Gary Barbaro

No. 26
- Position: Safety

Personal information
- Born: February 11, 1954 (age 72) New Orleans, Louisiana, U.S.
- Listed height: 6 ft 4 in (1.93 m)
- Listed weight: 203 lb (92 kg)

Career information
- High school: East Jefferson (Metairie, Louisiana)
- College: Nicholls
- NFL draft: 1976: 3rd round, 74th overall pick

Career history
- Kansas City Chiefs (1976–1983); New Jersey Generals (1984);

Awards and highlights
- 3× Pro Bowl (1980–1982); All-USFL (1984); Kansas City Chiefs Hall of Fame;

Career NFL statistics
- Interceptions: 39
- Fumble recoveries: 10
- Defensive touchdowns: 3
- Stats at Pro Football Reference

= Gary Barbaro =

American football player (born 1954)

Gary Wayne Barbaro (born February 11, 1954) is an American former professional football player who was a safety for seven seasons in the National Football League (NFL) from 1976 to 1982 and one season in the United States Football League (USFL) in 1984. He played college football for the Nicholls Colonels and was selected in the third round of the 1976 NFL draft by the Kansas City Chiefs. He had 39 career interceptions and was selected to participate in three Pro Bowls.

==College career==
Barbaro played just one year of high school football at East Jefferson High School in Metarie, Louisiana, instead spending most of his high school years playing trombone in the marching and jazz band. In 1971, he was recruited to play college football at Nicholls State University, which had recently added football that year. Originally a quarterback, Barbaro suffered from a sore arm and switched over to defensive back in his junior year. He was named All-Conference in 1975, helping Nicholls State to an 8–2 record and being selected to play in the Senior Bowl. He is a member of the school's Athletic Hall of Fame and the Louisiana Sports Hall of Fame.

==Professional career==
Barbaro was selected by the Kansas City Chiefs in the third round of the 1976 NFL draft, becoming the first player in Nicholls State history ever to be selected in the NFL Draft. Replacing previous starter Mike Sensibaugh, Barbaro was mentored by defensive backs coach Tom Bettis, who taught him how to become a more efficient free safety.

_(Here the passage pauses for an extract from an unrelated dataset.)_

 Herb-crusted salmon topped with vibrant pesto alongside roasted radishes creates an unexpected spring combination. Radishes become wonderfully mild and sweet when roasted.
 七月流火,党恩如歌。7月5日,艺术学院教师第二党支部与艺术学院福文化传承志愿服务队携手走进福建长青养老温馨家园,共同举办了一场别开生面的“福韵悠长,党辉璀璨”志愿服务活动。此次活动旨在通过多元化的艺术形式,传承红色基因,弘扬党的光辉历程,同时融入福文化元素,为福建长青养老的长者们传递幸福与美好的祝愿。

The 6-foot-4, 200-pound Barbaro spent seven seasons with the Chiefs, earning Pro Bowl honors following the 1980, 1981, and 1982 seasons.

In 1976, Barbaro was named second-team All-NFL rookie team and won the Mack Lee Hill Award for best rookie in the Chiefs organization. In 1977, he had eight interceptions and led the NFL in interception return yards with 165, 102 of which he set in a December 1977 game against the Seattle Seahawks. That day, Barbaro intercepted a pass thrown by Jim Zorn in the end zone and returned it 102 yards for a touchdown, which, at the time broke an NFL record and is currently the Chiefs single-game record for longest interception return. In 1979, Barbaro intercepted seven passes and was the first ever honoree of the Kansas City Chiefs Most Valuable Player award. In 1980, he finished second in the league in interceptions with 10, behind Lester Hayes's 13, and was named second-team 1980 All-NFL by The Sporting News and second-team All-Pro by the Associated Press. In 1981 Barbaro had five interceptions for 134 yards while he was named first team All-Pro by the Pro Football Writers Association.

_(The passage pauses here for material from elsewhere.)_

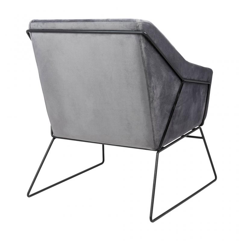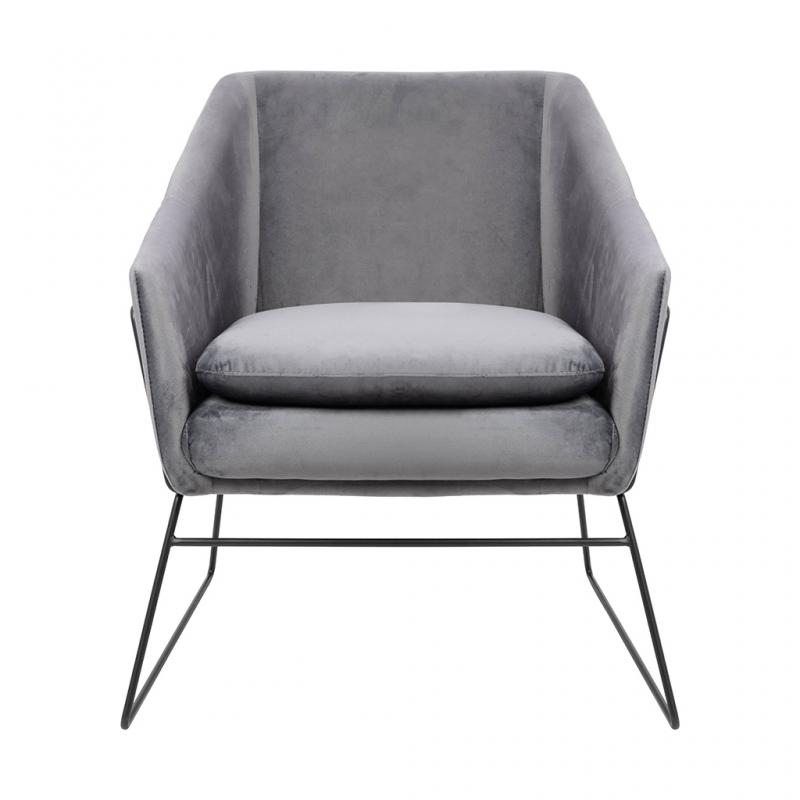 Fotel EMMA. Siedzisko oraz poduszka tapicerowane są aksamitnym welurem w ciemnoszarym kolorze. Metalowa podstawa lakierowana na kolor czarny nadaje Emmie oryginalnego charakteru.Możliwość personalizacji obicia, wyjątkowy design oraz solidne wykonanie sprawia, że fotel doskonale odnajdzie się w każdej aranżacji.Głębokość siedziska: 52 cm Wymiar poduszki: 55 cm x 47 cm x 6 cm Sposób wysyłki: Paleta.

In November 1983, after sitting out the entire NFL season in a contract dispute, Barbaro signed a three-year contract with the New Jersey Generals of the USFL. In his only USFL season (1984), he was named to The Sporting News USFL All-Star Team. Barbaro tore his ACL in his left knee earlier in the season and missed four games, came back to play in the Generals' July 1984 USFL playoff loss to the Philadelphia Stars where he further injured the knee, ending his career.

In seven NFL seasons (1976–1982), Barbaro intercepted 39 passes, currently the fourth highest total in Chiefs history while his 771 career interception yards is second all-time, behind Hall of Famer Emmitt Thomas. He participated in every eligible game, 101 consecutive games in total, during his career.

==Retirement and personal life==
Barbaro currently resides in Metarie, Louisiana where he works in the food service industry and is a uniform inspector in every New Orleans Saints home football game. On September 29, 2013, Barbaro became the 43rd member named to the Chiefs Hall of Fame by Chiefs chairman Clark Hunt.